The normal limitations also apply to this library, e.g. Theoretically the Data In requires a logic high voltage of 0.7 x Vdd. So if Vdd = 5, Vhi needs to be 3.5V which is more than the logic high on a 3.3V system. However in practice this seems to work OK for most people.
References
https://cdn-shop.adafruit.com/datasheets/WS2812.pdf
https://cdn-shop.adafruit.com/datasheets/WS2812B.pdf
http://rgb-123.com/files/WS2812B_VS_WS2812.pdf
nicer coded than what i had so far

Just 2 small remarks after going trough the code:
– you still have the original comments from the neopixel library above your code, mentioning AVR’s and people who wrote that :p
– it’s fixed on which SPI port it uses? (if you want to support multiple ports, do mind that the divider is different since spi2 runs at half the speed of spi1 for the same divider)
It should be easy to make it work on SPI2, I just need to work out the best way to allow users to select that, perhaps have the SPI channel as the second argument in the constructor and default it to SPI1.

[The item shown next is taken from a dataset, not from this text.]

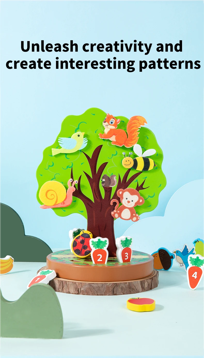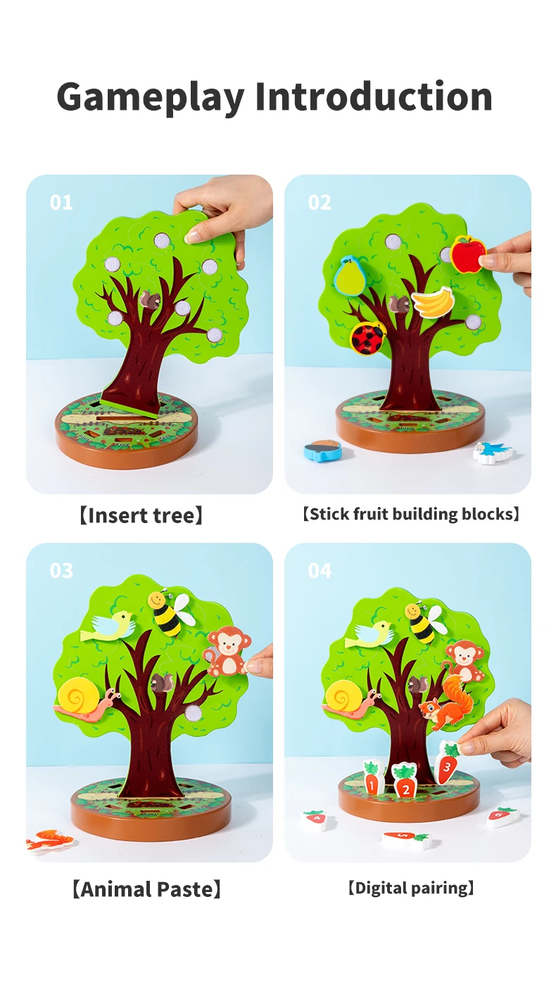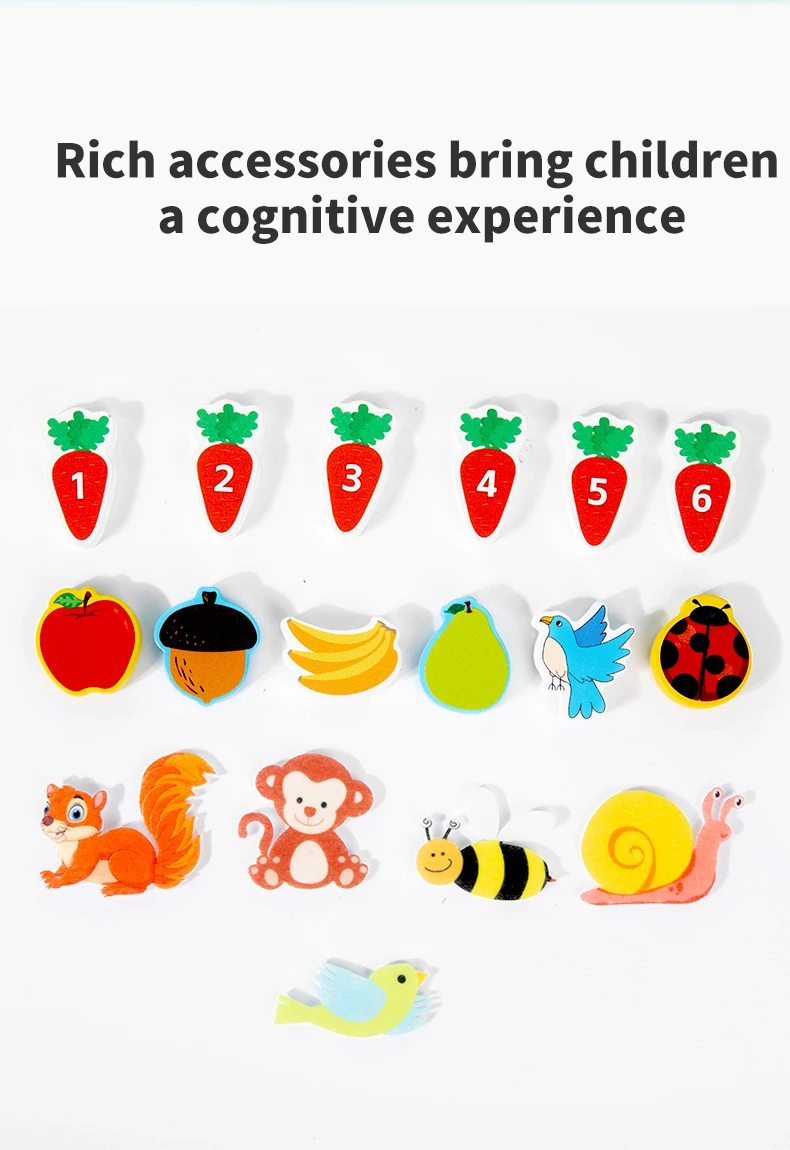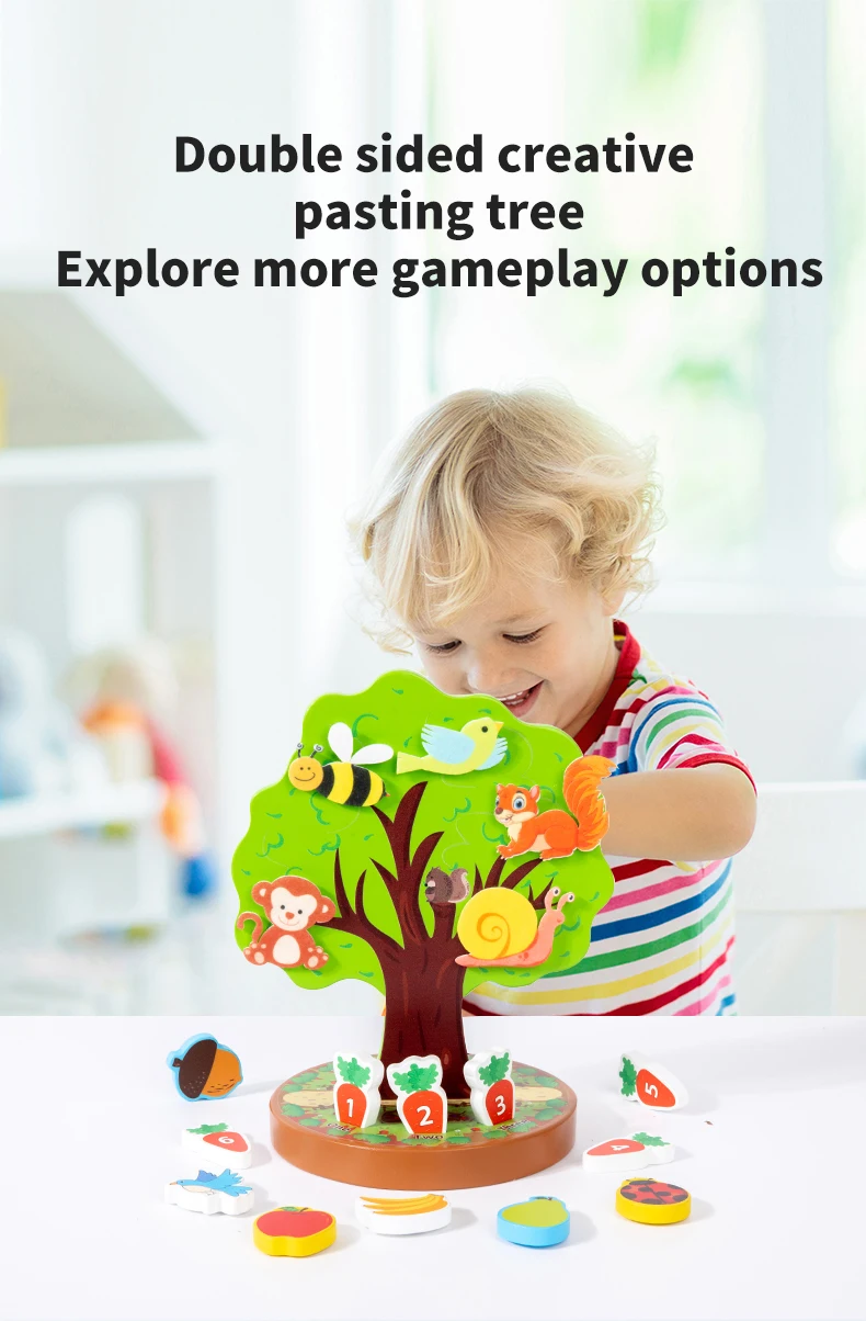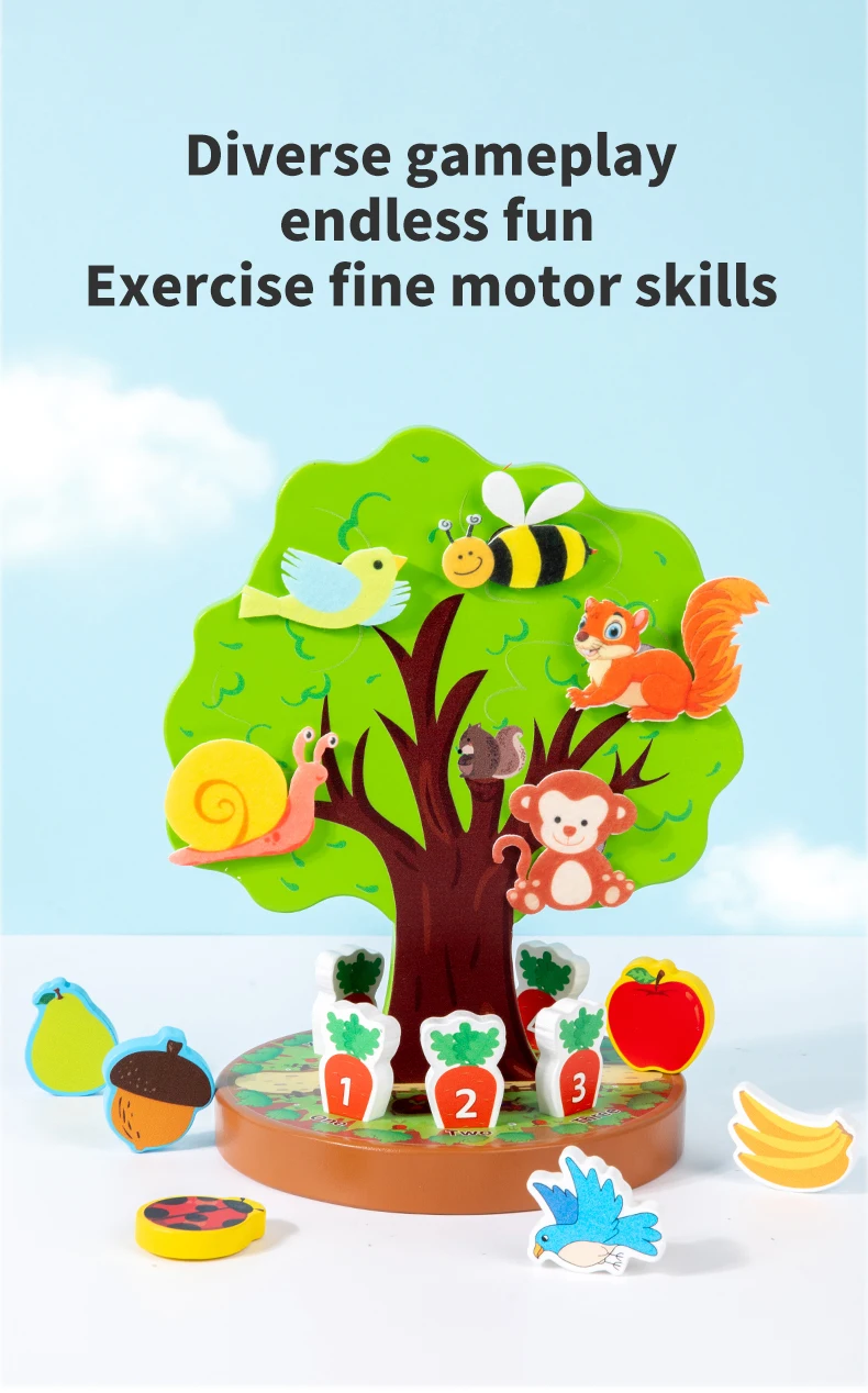 Montessori Early Education Wooden Toys Creative Animal Fruit Felt Sticker Tree Toy for Toddlers Fine Motor Skill Development

I’d forgotten about the speed limitation on SPI2, but it won’t be a problem as its running on DIV32 on SPI1, so if SPI2’s clock is half of SPI1, then it would need to be DIV16
Re: References to AVR
Somehow the original file header got back in. (arrggh) I’d not spotted that. I’ll remove all that junk.

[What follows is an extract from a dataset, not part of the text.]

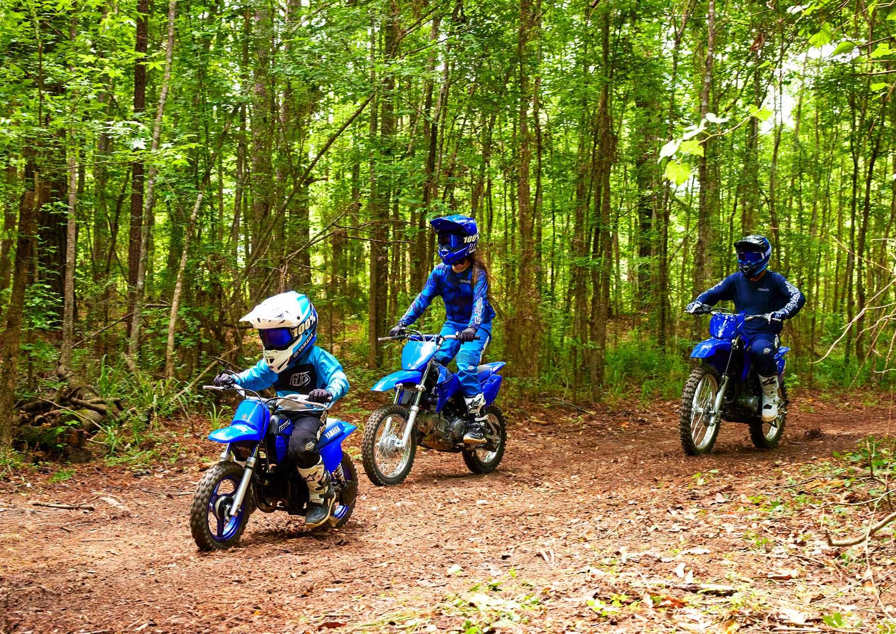 La TT-R125, la TT-R110 y la TT-R50 de 4 tiempos representan la gama más accesible de motos offroad para pilotos jóvenes y no tan jóvenes. Y la legendaria PW50 de 2 tiempos es la perfecta puerta de entrada al mundo del pilotaje offroad para los más pequeños.

So I’ll go through and remove references to AVR
A few more things…
getPixelColor has not been implemented yet, as I didnt have time to write the code to read the encoded bit pattern from the buffer and convert back to RGB. It should be fairly straight forward to do, simply by reading the middle bit of each of the triplets
e.g something like
take the 24 bit encodedValue
clear the decoded (uint8_t)
for(0 to 7)
{
decoded |= (encodedValue>>1 & 0x01)<<8
decoded>>1
}
Also, I’m not sure what the w parameter in Color(r,g,b,w) does, Perhaps its for a different sort of LED,
The reason for this, is that it uses SPI.dmaSend which is a special function not available in other cores.

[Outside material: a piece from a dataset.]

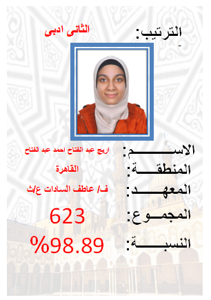 أعربت الطالبة أريج عبد الفتاح أحمد عبدالفتاح من أوائل الثانوية الازهرية فى القسم الادبي بمعهد عاطف السادات بمنطقة الزيتون عن سعادتها؛ لحصولها على مجموع 98.89 % المركز الثاني على الجمهورية.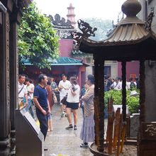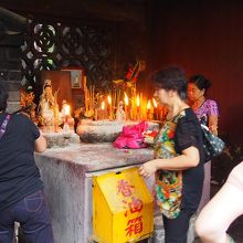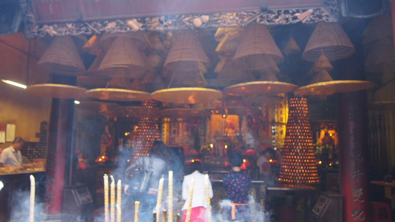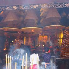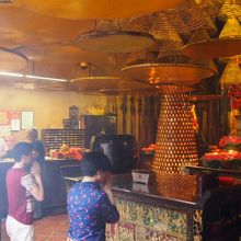 中も同じく大混雑、お線香の煙で濛々としていますが、係のおばさんがお線香を次から次へと引き抜き、焼却炉へポイ。

I will also change to use the new function SPI.dmaSendAsync(), because at the moment there is no benefit with using the SPI DMA apart from keeping the USB working because I do not need to disable the interrupts while the data is being sent.
This will require double buffering, which will take 18 bytes per LED, however there will be enough RAM to drive at lest 600 LEDs
The reason for this, is that it uses SPI.dmaSend which is a special function not available in other cores.
I will also change to use the new function SPI.dmaSendAsync(), because at the moment there is no benefit with using the SPI DMA apart from keeping the USB working because I do not need to disable the interrupts while the data is being sent.
This will require double buffering, which will take 18 bytes per LED, however there will be enough RAM to drive at lest 600 LEDs
But it does not use a completion interrupt as we don’t have any code for that at the moment, as there are issues with callbacks to functions in C classes – though @victor_pv has been investigating callbacks and I’ve PM’ed him about this and I’m hoping he can help.
I added a new function to SPI called dmaSendAsync(), which returns immediately after the transfer has been started.
But, I also added a static flag to indicate if a transfer had already been started, and added code to the start of the function, which waits for completion of a transfer if one is in progress (as determined by the static flag)
The downside of this approach, is that I don’t know when a transfer has finished, so can’t time the 50uS Reset time.
However, as other people have already pointed out, the Reset time that is actually needed is only around 6uS, and the function call overhead and DMA tidy-up etc etc, plus the 8 byte of zeros that is send prior to the start of the real data, mean that I get around 12uS of unavoidable dead time between each transfer. So there is no need to add code to determine if enough Reset time has been allowed.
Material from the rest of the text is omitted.